Automation Mayhem: An AI Revolution Update

June 22, 2025

Price's Law: When 10% of People Do 50% of the Work (Now on AI Steroids)

In any large team, a few superstars carry much of the load. Price's Law states that roughly the square root of the number of people produces half the output. In a project of 100, about 10 overachievers generate 50% of the results. This imbalance is being supercharged by AI. Top performers armed with AI tools can become even more productive, leading to an extreme concentration of productivity. The "vital few" can leverage AI to accomplish work that used to require entire departments, effectively making the heavy tail of productivity heavier.
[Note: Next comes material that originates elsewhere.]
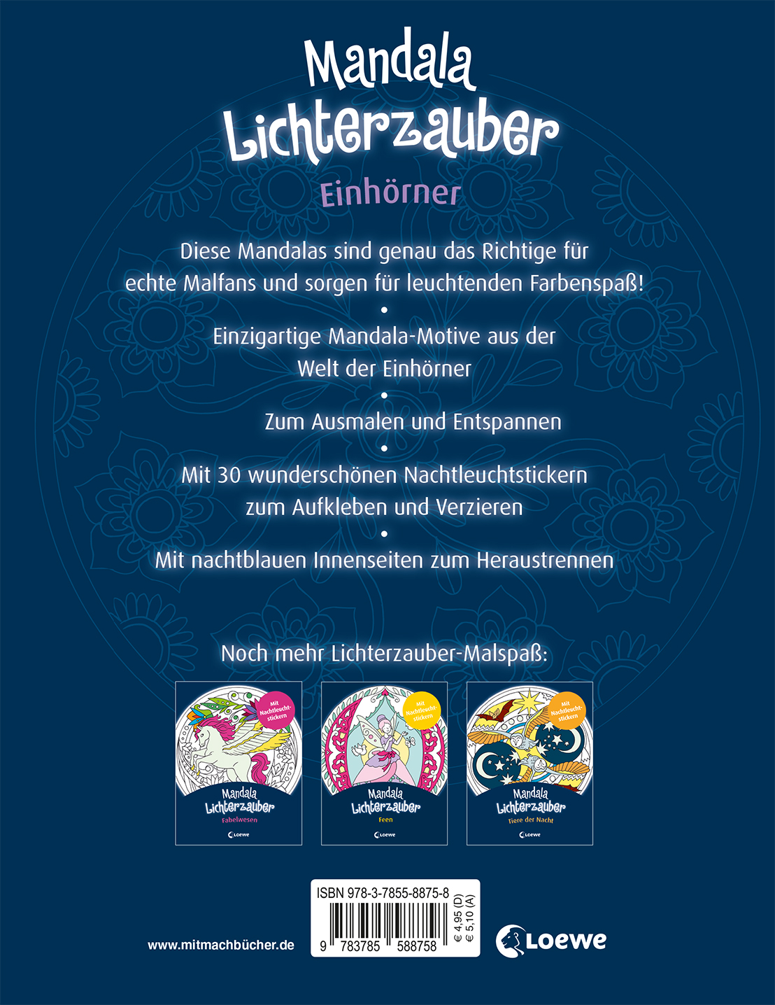 Mandalas verbinden in einzigartiger Weise Kreativität und Entspannung. Die nachtblauen Seiten sorgen dafür, dass die 40 detailreichen Motive zum beliebten Thema Einhörner - wenn einmal ausgemalt - einen geradezu anleuchten. Zu einem echten Lichterzauber-Ergebnis gelangt man, wenn die Seiten zusätzlich mit den beigefügten Nachtleuchtstickern ausgeschmückt werden.

This is not theoretical. AI startups are reaching $100M in annual revenue with under 100 employees, an unprecedented scale of efficiency. For example, Lovable hit $17 million ARR in 3 months with just 15 people (over $1M revenue per head!). Midjourney reportedly generates $4.1 million per employee, and even OpenAI is estimated at $1.5M revenue per worker. These ratios show that with AI, reaching $5M, $10M, or even $100M in revenue with only a handful of humans is now plausible.

AI amplifies the creative and productive force of top talent, enabling unprecedented economies of scale. A single brilliant coder with AI assistance can potentially replace dozens of average coders. This "winner-take-most" dynamic, already visible in software, is further accelerated by AI. We may be approaching the first one-person, billion-dollar company. The implications for inequality within organizations are profound: a small number of AI-empowered employees might contribute the bulk of value, leaving others to find new niches or face redundancy. It's Price's Law on steroids: in the AI era, the rich (in productivity) get richer.
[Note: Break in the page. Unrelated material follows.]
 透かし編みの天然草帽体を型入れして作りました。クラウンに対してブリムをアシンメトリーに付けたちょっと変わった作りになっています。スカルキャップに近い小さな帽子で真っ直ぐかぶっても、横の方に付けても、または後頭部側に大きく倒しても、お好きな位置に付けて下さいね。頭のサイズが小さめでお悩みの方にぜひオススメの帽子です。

On a broader scale, AI contributes to industry concentration. A few giant firms dominate markets, mirroring how a few individuals dominate output within companies. AI amplifies this, as those with more data and computing power (usually larger players) can create better AI, leading to a feedback loop of dominance. The digital revolution already amplified wealth and productivity concentration; AI accelerates this, creating even greater scale advantages for those at the top. The corporate world is becoming like an MMORPG where a few high-level wizards (with AI familiars) do most of the questing.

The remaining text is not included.